*** Opening of Data extract ***

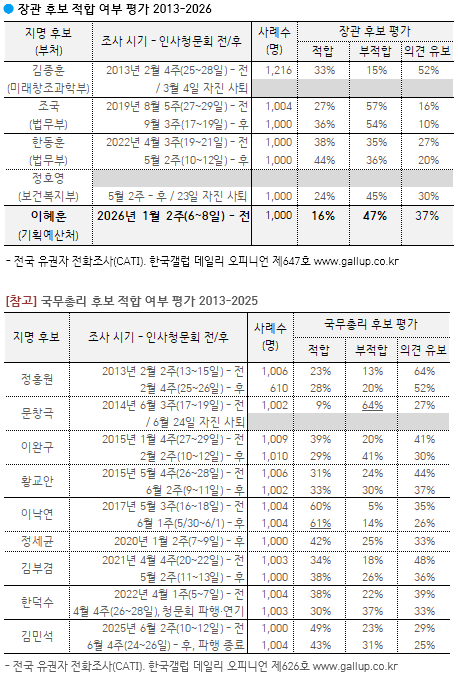 ¡Ý Âü°í·Î, Çѱ¹°¶·´Àº 2013³âºÎÅÍ 2025³â±îÁö Àå°ü Èĺ¸ 4ÀÎ, ±¹¹«ÃѸ® Èĺ¸ 9Àο¡ ´ëÇÑ Àλçû¹®È¸ ÀüÈÄ ÀûÇÕ ¿©ºÎ¸¦ Á¶»çÇß´Ù. °ú°Å ÀûÇÕµµ°¡ °¡Àå ³·°Ô Æò°¡µÈ Àι°Àº 2014³â 6¿ù ±¹¹«ÃѸ® Èĺ¸ ¹®Ã¢±Ø(9%), 2022³â 5¿ù º¸°Çº¹ÁöºÎ Àå°ü Èĺ¸ Á¤È£¿µ(24%)ÀÌ¸ç µÑ ´Ù Àλçû¹®È¸ ÀüÈÄ ÀÚÁø »çÅðÇß´Ù.
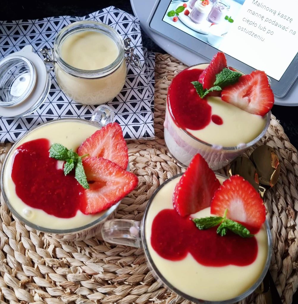 - . Do naczynia z kaszą manną wlać połowę musu, nastawić obr. 3/1 minuta wymieszać. Rozlać do szklaneczek na waniliową warstwę kaszy manny.
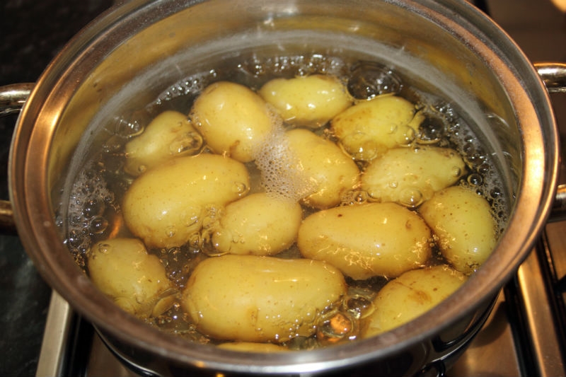 6. As soon as you’ve put the chicken in the oven, place the potatoes in salted water and boil for 20 minutes.

*** Close of Data extract ***

Required work:
Write the data above out exactly. Leave out any pictures.

Answer space:
 ¡Ý Âü°í·Î, Çѱ¹°¶·´Àº 2013³âºÎÅÍ 2025³â±îÁö Àå°ü Èĺ¸ 4ÀÎ, ±¹¹«ÃѸ® Èĺ¸ 9Àο¡ ´ëÇÑ Àλçû¹®È¸ ÀüÈÄ ÀûÇÕ ¿©ºÎ¸¦ Á¶»çÇß´Ù. °ú°Å ÀûÇÕµµ°¡ °¡Àå ³·°Ô Æò°¡µÈ Àι°Àº 2014³â 6¿ù ±¹¹«ÃѸ® Èĺ¸ ¹®Ã¢±Ø(9%), 2022³â 5¿ù º¸°Çº¹ÁöºÎ Àå°ü Èĺ¸ Á¤È£¿µ(24%)ÀÌ¸ç µÑ ´Ù Àλçû¹®È¸ ÀüÈÄ ÀÚÁø »çÅðÇß´Ù.
 - . Do naczynia z kaszą manną wlać połowę musu, nastawić obr. 3/1 minuta wymieszać. Rozlać do szklaneczek na waniliową warstwę kaszy manny.
 6. As soon as you’ve put the chicken in the oven, place the potatoes in salted water and boil for 20 minutes.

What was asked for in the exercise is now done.